* [The task]: In the records below, print each line exactly and leave every image out.
=== Section Start ===
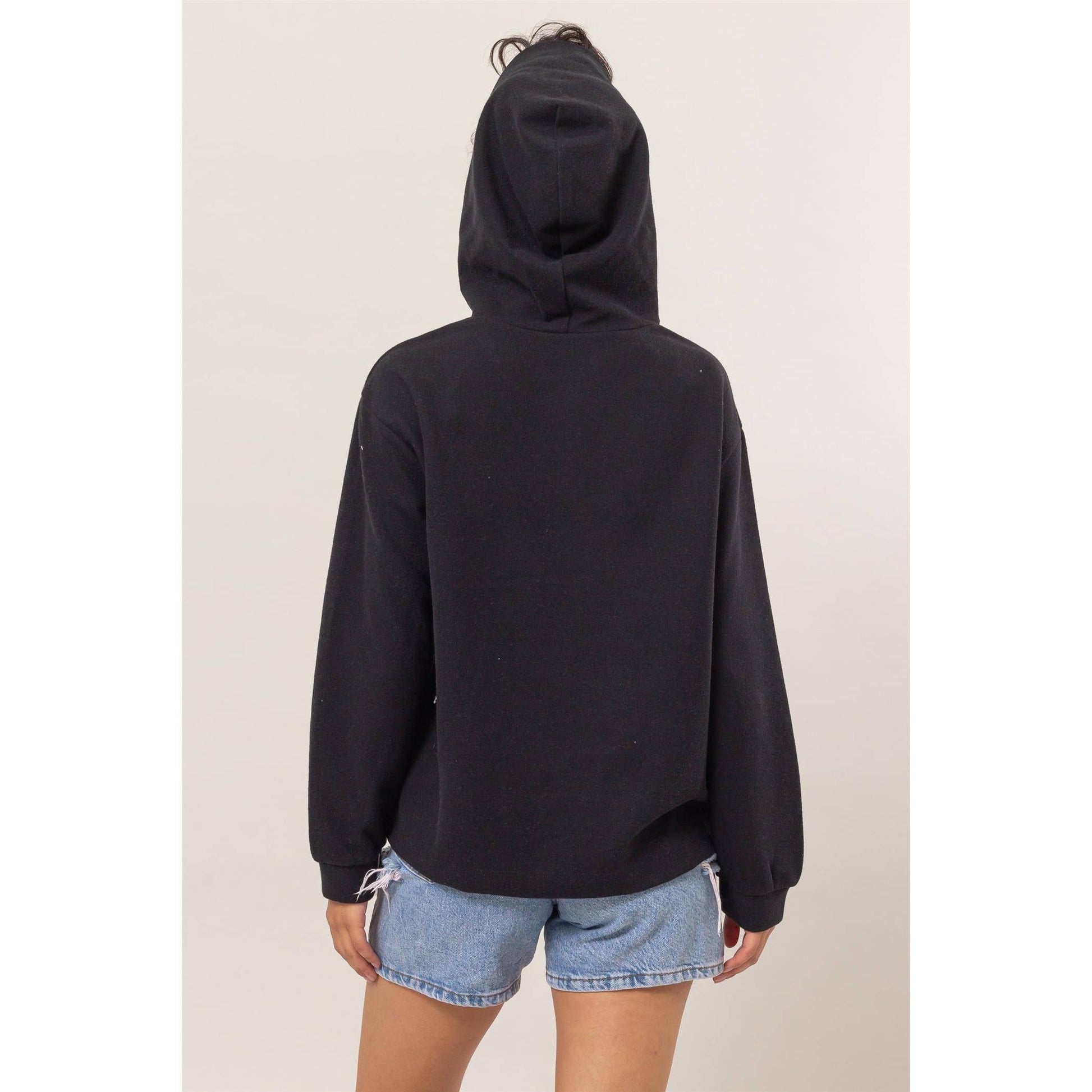 Kick back in effortless style with this laid-back hoodie that's all about comfort and cool vibes. The roomy fit and dropped shoulders create that perfectly relaxed silhouette, while the cinched cuffs and cozy hood keep things snug. Crafted from a soft polyester-rayon blend, it's your go-to piece for lounging, running errands, or just embracing a slower pace. Pair it with matching sweats for the ultimate comfort outfit.
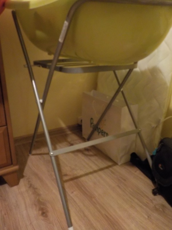 Udało nam się dzisiaj kupić używany stojak pod wanienkę. Dzięki temu będziemy mogli kąpać Hanię w pokoju, będzie wygodniej, cieplutko i blisko przewijaka i wszystkich potrzebnych akcesoriów ;-)
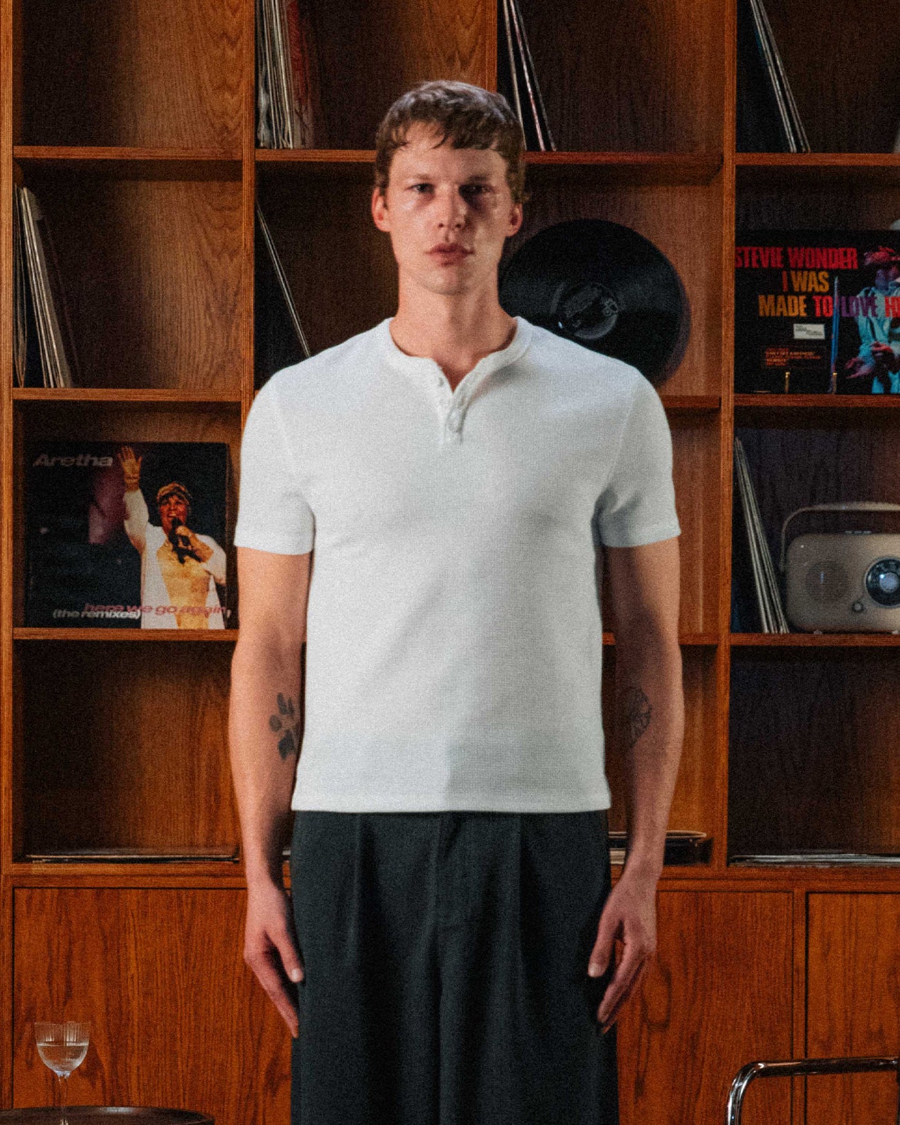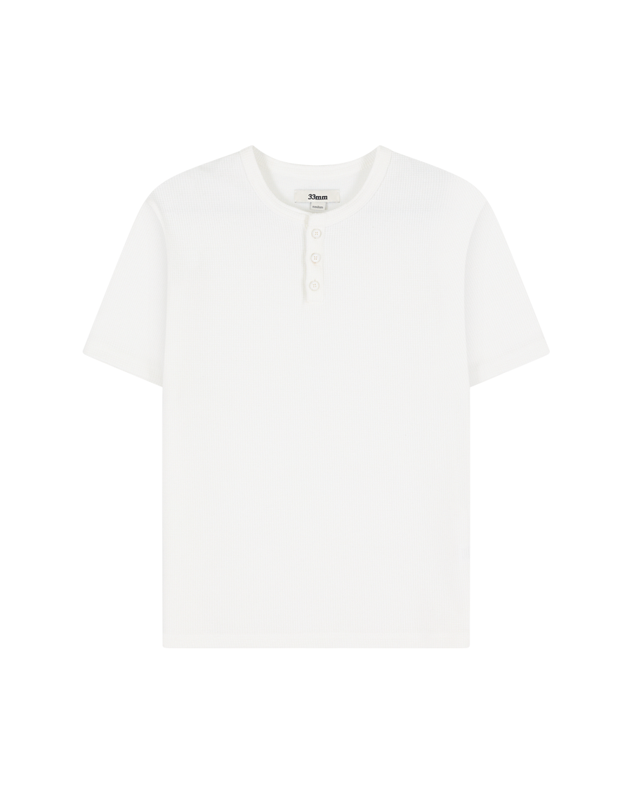 The waffle henley of a '90s actor straight off set. Nils skims the body with its slim fit and slight crop for a shrunken look. With the waffle texture continuing around the openings, it's a sleek layering piece beyond your average basic.
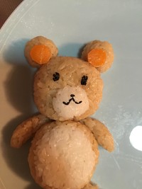 再用蚝油炒饭捏2个小圆,做出小熊的耳朵
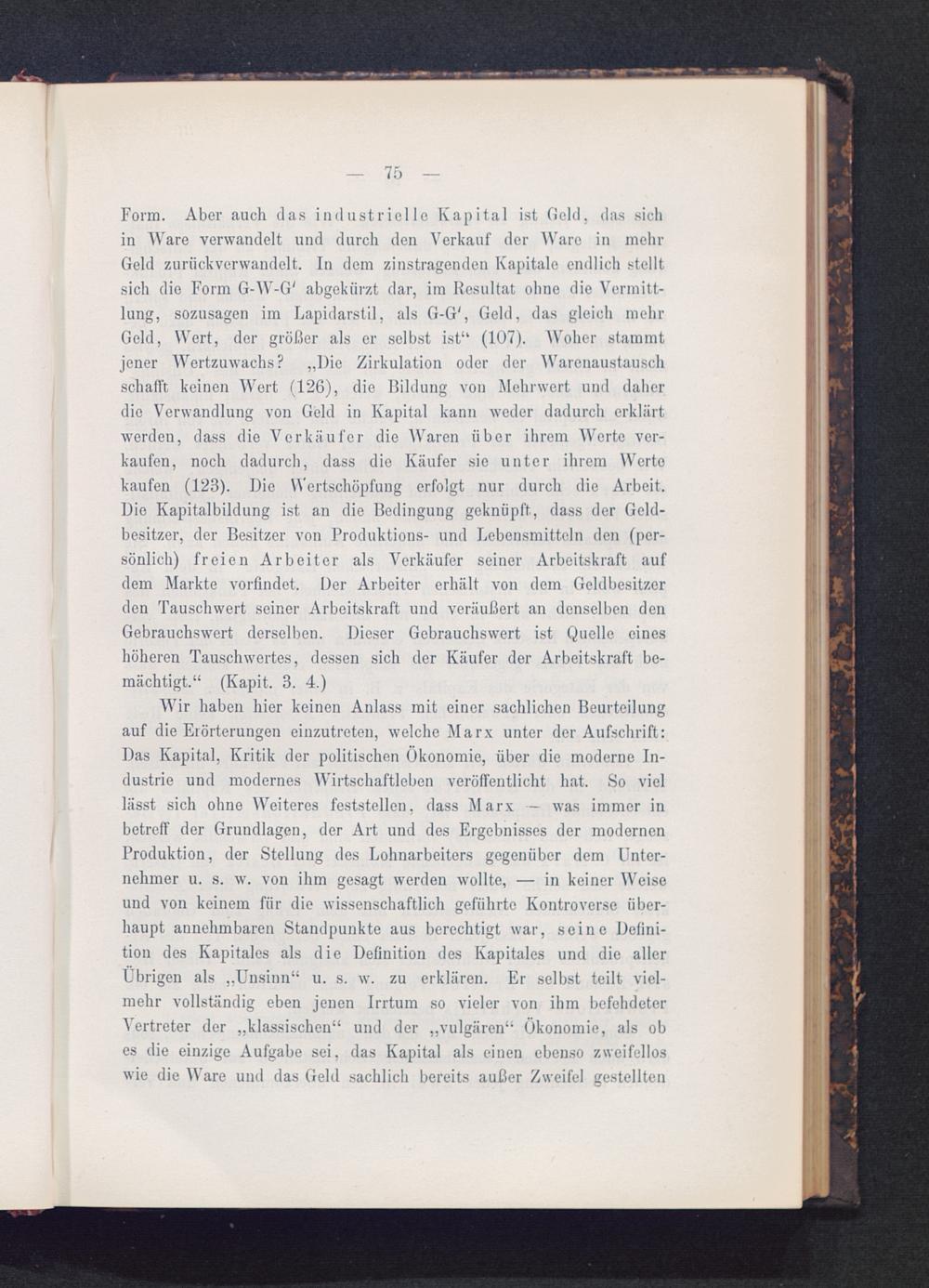 Wir haben hier keinen Anlass mit einer sachlichen Beurteilungauf die Erörterungen einzutreten, welche Marx unter der Aufschrift:Das Kapital, Kritik der politischen Ökonomie, über die moderne In-dustrie und modernes Wirtschaftleben veröffentlicht hat. So viellässt sich ohne Weiteres feststellen, dass Marx — was immer inbetreff der Grundlagen, der Art und des Ergebnisses der modernenProduktion, der Stellung des Lohnarbeiters gegenüber dem Unter-nehmer u. s. w. von ihm gesagt werden wollte, — in keiner Weiseund von keinem für die wissenschaftlich geführte Kontroverse über-haupt annehmbaren Standpunkte aus berechtigt war, seine Defini-tion des Kapitales als die Definition des Kapitales und die allerÜbrigen als „Unsinn“ u. s. w. zu erklären. Er selbst teilt viel-mehr vollständig eben jenen Irrtum so vieler von ihm befehdeterVertreter der „klassischen“ und der „vulgären“ Ökonomie, als obes die einzige Aufgabe sei, das Kapital als einen ebenso zweifelloswie die Ware und das Geld sachlich bereits außer Zweifel gestellten
=== Section End ===
* [Result of this exercise]:
 Kick back in effortless style with this laid-back hoodie that's all about comfort and cool vibes. The roomy fit and dropped shoulders create that perfectly relaxed silhouette, while the cinched cuffs and cozy hood keep things snug. Crafted from a soft polyester-rayon blend, it's your go-to piece for lounging, running errands, or just embracing a slower pace. Pair it with matching sweats for the ultimate comfort outfit.
 Udało nam się dzisiaj kupić używany stojak pod wanienkę. Dzięki temu będziemy mogli kąpać Hanię w pokoju, będzie wygodniej, cieplutko i blisko przewijaka i wszystkich potrzebnych akcesoriów ;-)
 The waffle henley of a '90s actor straight off set. Nils skims the body with its slim fit and slight crop for a shrunken look. With the waffle texture continuing around the openings, it's a sleek layering piece beyond your average basic.
 再用蚝油炒饭捏2个小圆,做出小熊的耳朵
 Wir haben hier keinen Anlass mit einer sachlichen Beurteilungauf die Erörterungen einzutreten, welche Marx unter der Aufschrift:Das Kapital, Kritik der politischen Ökonomie, über die moderne In-dustrie und modernes Wirtschaftleben veröffentlicht hat. So viellässt sich ohne Weiteres feststellen, dass Marx — was immer inbetreff der Grundlagen, der Art und des Ergebnisses der modernenProduktion, der Stellung des Lohnarbeiters gegenüber dem Unter-nehmer u. s. w. von ihm gesagt werden wollte, — in keiner Weiseund von keinem für die wissenschaftlich geführte Kontroverse über-haupt annehmbaren Standpunkte aus berechtigt war, seine Defini-tion des Kapitales als die Definition des Kapitales und die allerÜbrigen als „Unsinn“ u. s. w. zu erklären. Er selbst teilt viel-mehr vollständig eben jenen Irrtum so vieler von ihm befehdeterVertreter der „klassischen“ und der „vulgären“ Ökonomie, als obes die einzige Aufgabe sei, das Kapital als einen ebenso zweifelloswie die Ware und das Geld sachlich bereits außer Zweifel gestellten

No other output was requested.